全市町村が合併したら?

市県民税に関わるところで働いていると、各会社等から給与支払報告書の提出を受けて、それを整理するという結構なボリュームの仕事があります。係全体が何ヶ月かこれにかかりっきり、ぐらいなイメージすらある。で、この給与支払報告書って何?ってことですが、皆さんのお手元に届く、源泉徴収票と中身は同じです。提出先が市町村なので、そういう名前をしているだけ。
ところでこの給与支払報告書なんですが、これ皆さんが住んでいる市町村にそれぞれ分けて提出する必要があるんですよね。大きな会社の事務部門なんてのはこれを全国一括で処理しているのでしょうけど、ほとんど全市町村に提出するような会社すらあると思うのです*1。これを想像すると、メチャクチャな業務量なんじゃねーの?と。
会社のほうが、従業員の住所によって提出先を振り分けるとか、そういう仕組みになってんスよ。会社に取って意味のあることじゃないのにねー。
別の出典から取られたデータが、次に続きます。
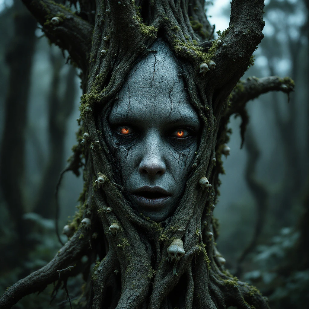 A haunting human face partially fused into the trunk of a decaying tree, infected and overtaken by parasitic cordyceps fungus, overgrown with grotesque fungal growths and moss, eerie forest background, post-apocalyptic atmosphere, nature reclaiming civilization, cinematic lighting, highly detailed, photorealistic, gritty texture, inspired by The Last of Us, dramatic shadows, horror-fantasy art. --ar 2:3 --stylize 750 --v 7

さらに皆さんの給料も会社から天引きされてることが多いでしょうが、それもそれぞれの市町村に、会社が支払ってんスよ。大変なことです。
往々にしてこういうことはある。例えば、全市町村が合併したとすらなら?この給与支払報告書は全部まとめてどかっと手近な市役所窓口に提出すりゃあいいって話になる。電子的に提出するのが楽なら、もう一発だ。住民税なんてのはほとんど税率が変わらんし、区ごとに税率設定したほうが効率的な気もする。
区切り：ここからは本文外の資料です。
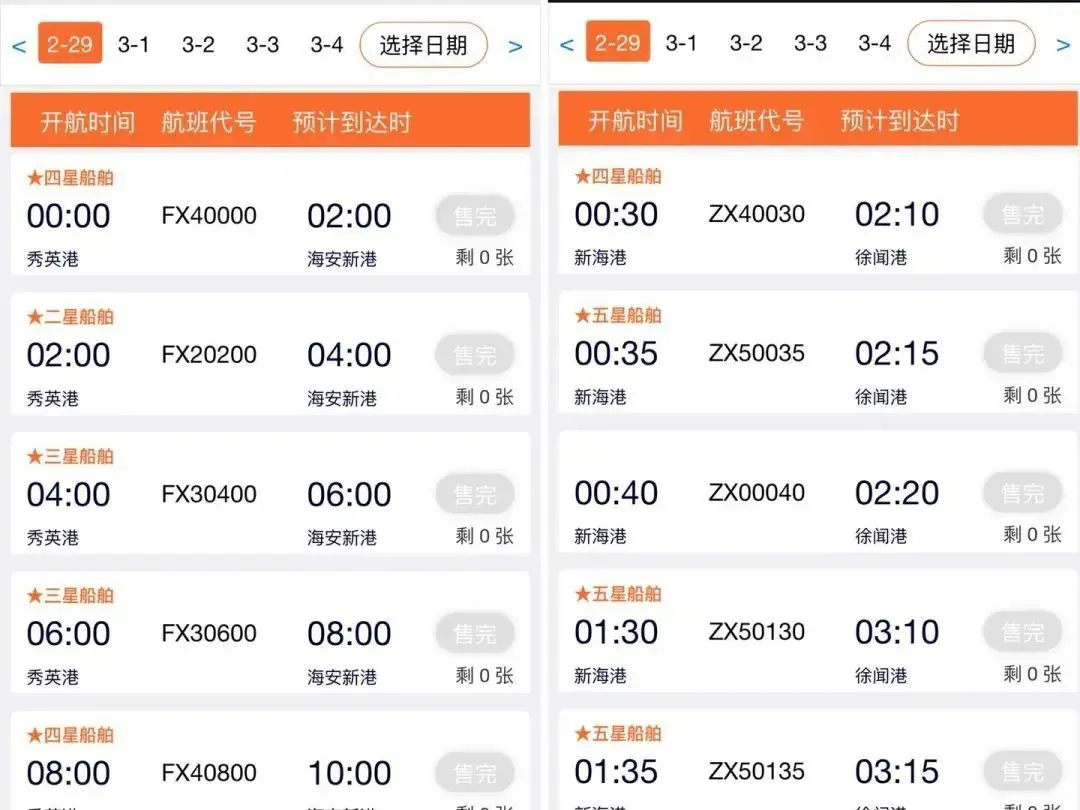 2月15日凌晨,“琼州海峡轮渡管家”平台搜索显示,2月15日至29日,秀英港和新海港的新能源车出岛船票基本售罄,3月1日及之后的航班暂未开始预售。而燃油车出岛船票在2月15日至21日也基本售罄,2月22日及之后则余票充足。

他にも全市町村が合併したら、とたんに効率的になる事務ってのはある。
・市町村をまたいで住所を異動させたときに、転出届と転入届をする必要がある。2回も市役所に行くのかめんどくせー、って話なんだけど、同一市町村内の転居届なら1回市役所に行くだけで済むので、全市町村が合併したら2回市役所に行く必要はなくなる。
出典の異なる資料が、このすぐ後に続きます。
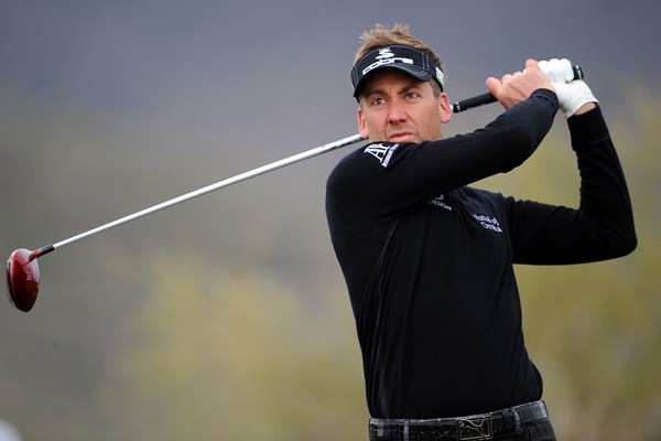 Ian Poulter var kominn 3 yfir í leik sínum við Stephen Gallacher áður en leik var frestað á Accenture heimsmótinu í holukeppni, en Englendingurinn átti eftir að jafna metinn við óþokka nokkurn eftir að hafa fengið snjóbolta í sig.

国保や介護等の保険では対象者の前年所得を元に、保険料を決定してるんだけど、そのために前住地*2に所得を教えて、と照会をしている。郵便で。これがまたたまらん業務であって、尋ねる側も答える側もヒーコラ言ってる。全市町村が合併したら、この業務が全く不要になり、転入転出によって保険を脱退・加入する手間もなくなる。
・戸籍は本来、国の事務なのだけれど、市町村が手足としてやることになっている。そのために、本籍がない市町村で戸籍届(婚姻届等)の提出をしようとすると、戸籍謄本などの添付が必要になったりする。また戸籍を取りたくても、本籍がある市町村でしか取ることができない。もし全市町村が合併したら、戸籍届に戸籍謄本等の添付は不要になるし、どこの市役所でも戸籍を取ることができるようになる。さすがに全市町村が合併したら、電子化してないところも電子化するだろう。
まあこのへんが僕が携わった中で、効率化するだろうなあ、と考えるところ。というか、規模は小さいとしても、平成の大合併によってこういうメリットは多少産まれたのだと思います。市役所の業務は「法定受託事務」という国からやることを決められているような仕事も多いし、自治事務であっても、国がやり方をガチガチに決めてあって、自由度がないものも多い*3。そんなわけで、そういう業務は全市町村が合併すれば、特にメリットがでるなあ、と思います。
それともう一つ、災害対応の面でも合併には効果がある。静岡県平成の大合併で、海と山が合併した市も多い。実際311のような津波を考える時、海側の少自治体だけでは対策が立てにくかった。合併後にそれを考えているわけですが、うちの場合、メインの庁舎は津波が来ないだろうなあというぐらいの山側なので、津波があっても市役所が壊滅する可能性は低いし、海側のこと、山側のことを一緒に考えることによって、海側の対策を俎上に乗せられる。大数効果という感じ。
そんなわけで、市町村には合併したらまずいところもあるんでしょうが、残念ながら私はそういう部署に回ったこともない。合併していいようなところは本来国の仕事で、郵政公社の分社化みたいにできたらいいのになあ。